> _ABOUT THIS TASK_
Only the lines below from the one containing "Reinventa tus looks" through the one containing "Advertising, palm isolated" belong in the answer, set down exactly, with the pictures left out.
*** Opening EXERCISE INPUTS ***
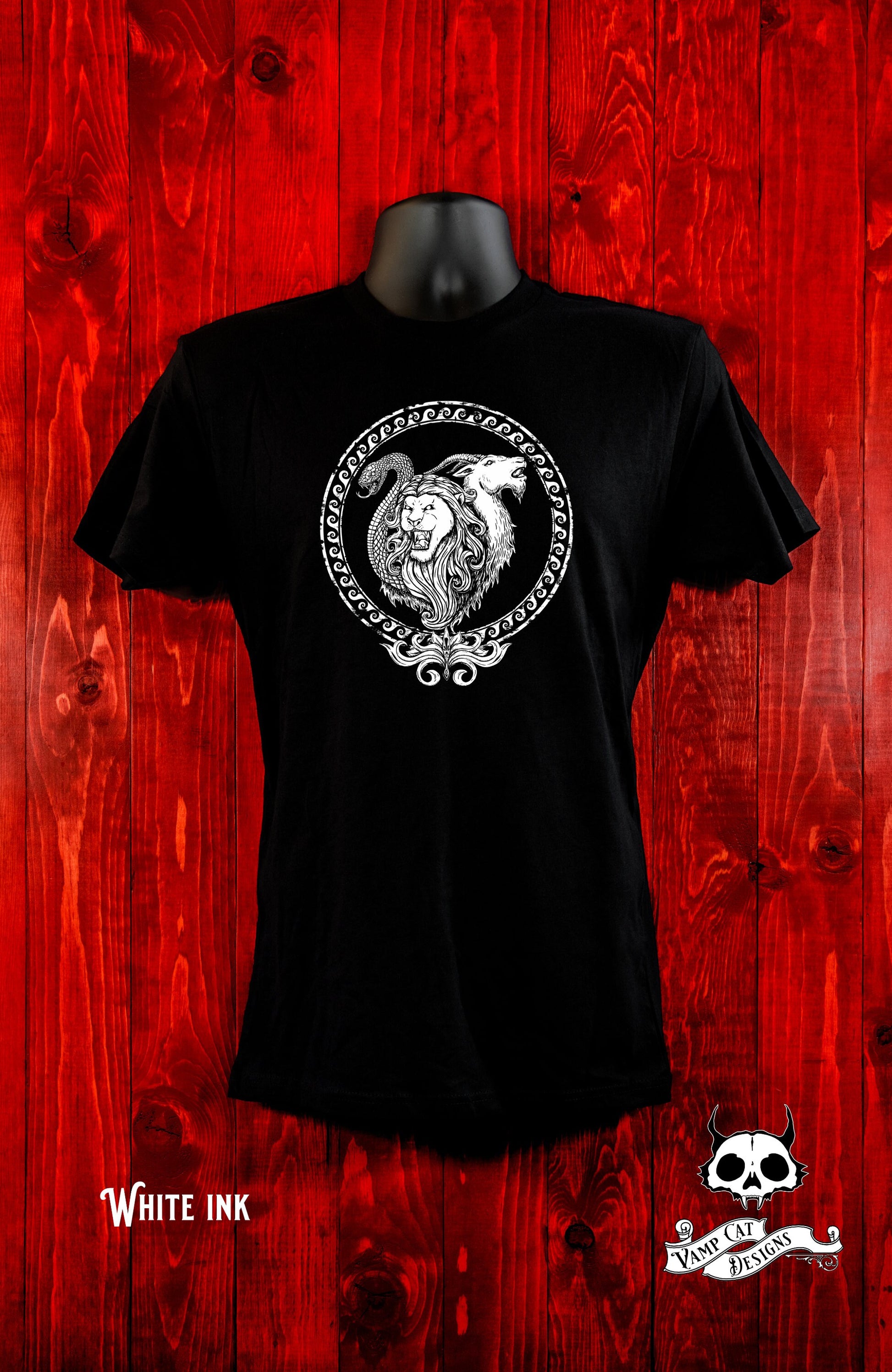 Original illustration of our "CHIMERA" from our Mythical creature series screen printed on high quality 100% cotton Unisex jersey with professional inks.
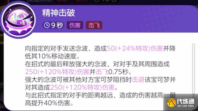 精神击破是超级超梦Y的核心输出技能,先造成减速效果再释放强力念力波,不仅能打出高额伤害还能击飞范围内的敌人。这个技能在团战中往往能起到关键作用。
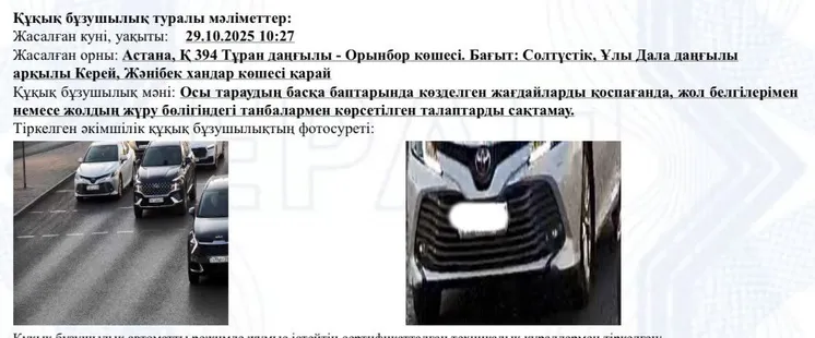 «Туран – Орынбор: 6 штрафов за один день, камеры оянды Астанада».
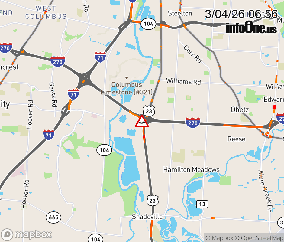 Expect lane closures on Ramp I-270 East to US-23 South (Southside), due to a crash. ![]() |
*** Closing EXERCISE INPUTS ***
*** Opening EXERCISE INPUTS ***
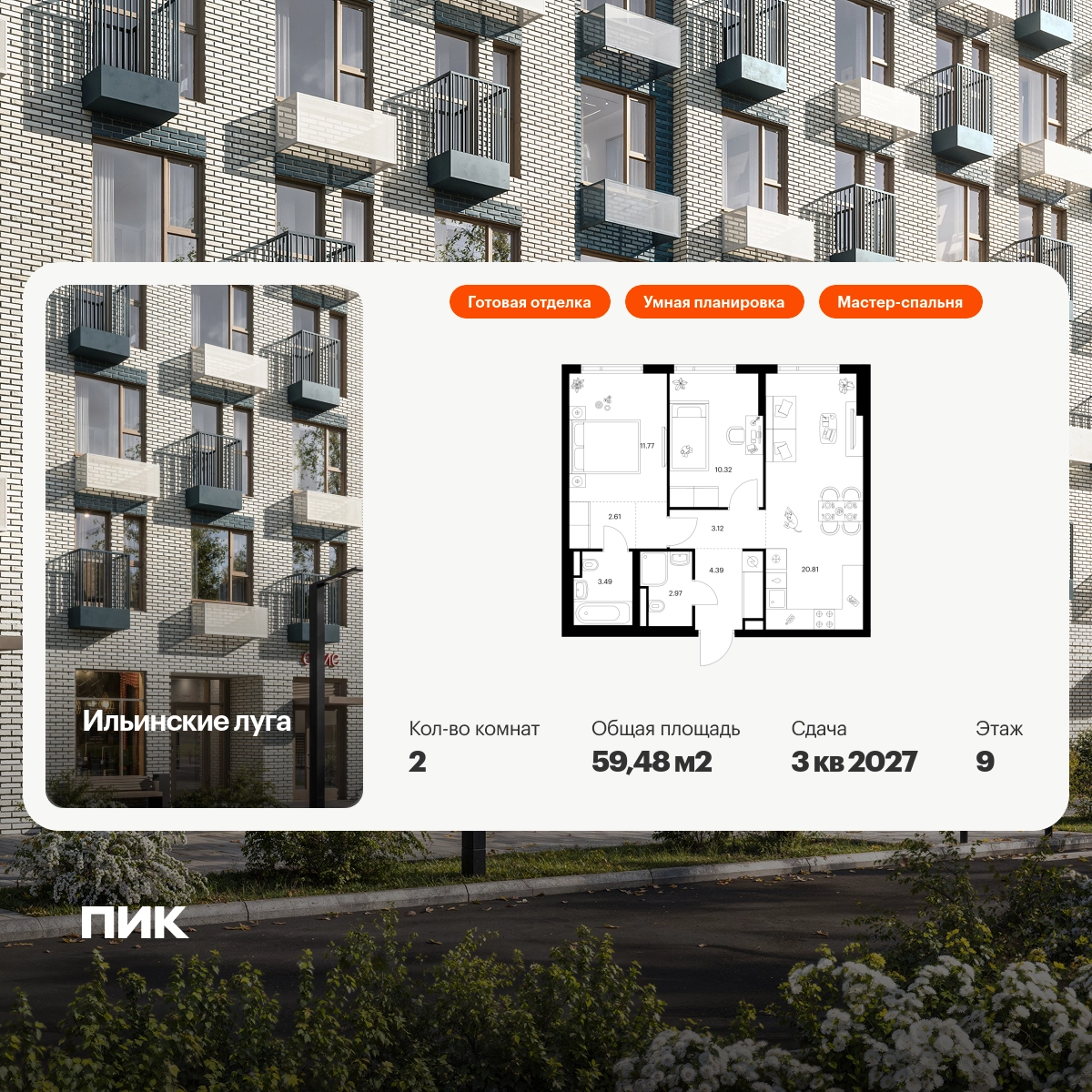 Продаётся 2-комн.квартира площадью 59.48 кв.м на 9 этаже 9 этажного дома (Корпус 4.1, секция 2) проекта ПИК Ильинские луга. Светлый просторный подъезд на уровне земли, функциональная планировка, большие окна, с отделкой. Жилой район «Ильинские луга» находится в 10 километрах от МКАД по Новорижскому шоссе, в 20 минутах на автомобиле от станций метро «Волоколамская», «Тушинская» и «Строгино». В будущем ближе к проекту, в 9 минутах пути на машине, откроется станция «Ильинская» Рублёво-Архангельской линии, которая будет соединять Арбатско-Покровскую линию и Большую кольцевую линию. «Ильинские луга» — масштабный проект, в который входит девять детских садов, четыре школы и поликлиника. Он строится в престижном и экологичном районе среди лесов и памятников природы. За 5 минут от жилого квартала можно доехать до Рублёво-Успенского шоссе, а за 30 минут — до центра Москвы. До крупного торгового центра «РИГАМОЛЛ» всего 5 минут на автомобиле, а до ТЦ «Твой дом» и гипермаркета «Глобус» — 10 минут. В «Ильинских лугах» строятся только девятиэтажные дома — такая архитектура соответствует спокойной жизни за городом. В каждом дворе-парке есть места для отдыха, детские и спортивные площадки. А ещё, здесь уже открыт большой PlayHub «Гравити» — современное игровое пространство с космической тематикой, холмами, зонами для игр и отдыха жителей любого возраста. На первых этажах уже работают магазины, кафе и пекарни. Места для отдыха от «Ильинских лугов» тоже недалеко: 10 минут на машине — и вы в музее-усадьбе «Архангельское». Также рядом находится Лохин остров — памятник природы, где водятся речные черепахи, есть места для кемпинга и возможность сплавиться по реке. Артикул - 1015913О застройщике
*** Closing EXERCISE INPUTS ***
*** Opening EXERCISE INPUTS ***
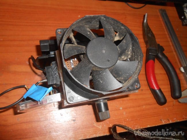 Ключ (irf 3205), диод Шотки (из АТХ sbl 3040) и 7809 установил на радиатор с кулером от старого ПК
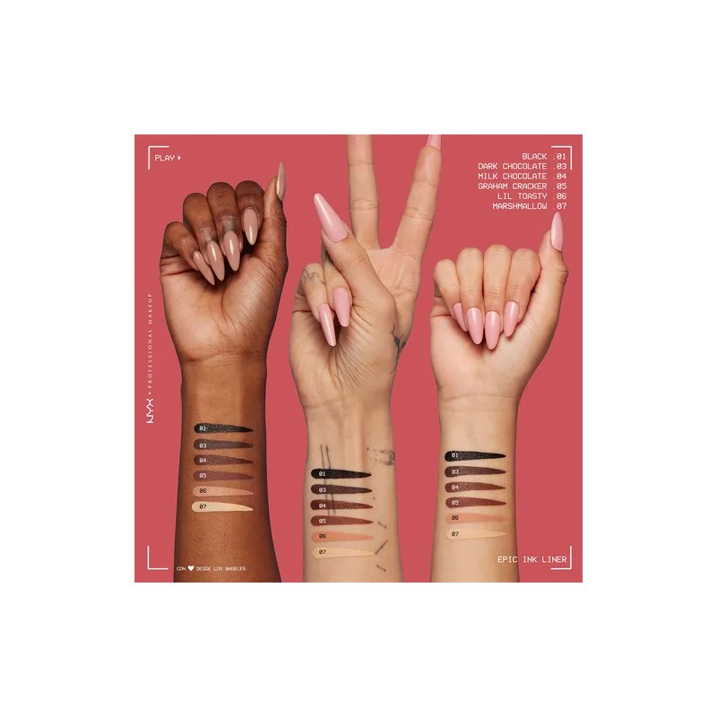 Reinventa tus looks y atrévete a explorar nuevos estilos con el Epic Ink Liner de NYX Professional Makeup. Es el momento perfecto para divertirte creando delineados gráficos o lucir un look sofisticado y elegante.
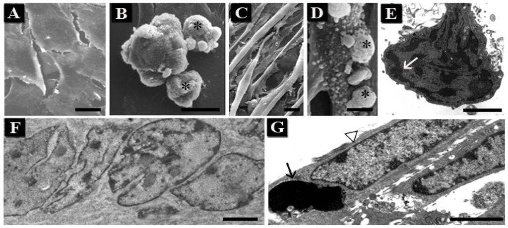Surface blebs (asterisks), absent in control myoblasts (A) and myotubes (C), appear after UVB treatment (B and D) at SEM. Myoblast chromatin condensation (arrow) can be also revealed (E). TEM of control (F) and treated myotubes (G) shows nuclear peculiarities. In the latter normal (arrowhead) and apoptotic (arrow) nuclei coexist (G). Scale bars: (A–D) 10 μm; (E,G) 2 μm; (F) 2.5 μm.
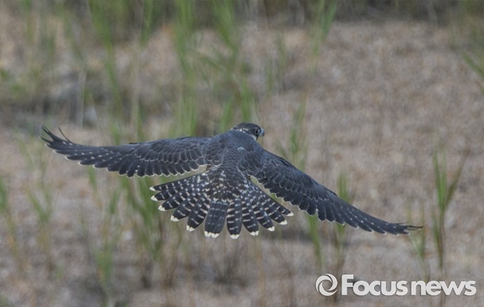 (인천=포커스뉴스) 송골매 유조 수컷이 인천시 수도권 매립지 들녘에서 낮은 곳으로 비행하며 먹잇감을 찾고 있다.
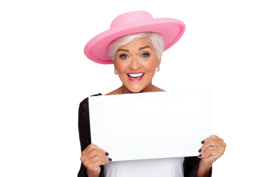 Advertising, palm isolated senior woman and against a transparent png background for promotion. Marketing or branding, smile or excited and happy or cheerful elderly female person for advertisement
*** Closing EXERCISE INPUTS ***
> _TASK OUTPUT_
 Reinventa tus looks y atrévete a explorar nuevos estilos con el Epic Ink Liner de NYX Professional Makeup. Es el momento perfecto para divertirte creando delineados gráficos o lucir un look sofisticado y elegante.
Surface blebs (asterisks), absent in control myoblasts (A) and myotubes (C), appear after UVB treatment (B and D) at SEM. Myoblast chromatin condensation (arrow) can be also revealed (E). TEM of control (F) and treated myotubes (G) shows nuclear peculiarities. In the latter normal (arrowhead) and apoptotic (arrow) nuclei coexist (G). Scale bars: (A–D) 10 μm; (E,G) 2 μm; (F) 2.5 μm.
 (인천=포커스뉴스) 송골매 유조 수컷이 인천시 수도권 매립지 들녘에서 낮은 곳으로 비행하며 먹잇감을 찾고 있다.
 Advertising, palm isolated senior woman and against a transparent png background for promotion. Marketing or branding, smile or excited and happy or cheerful elderly female person for advertisement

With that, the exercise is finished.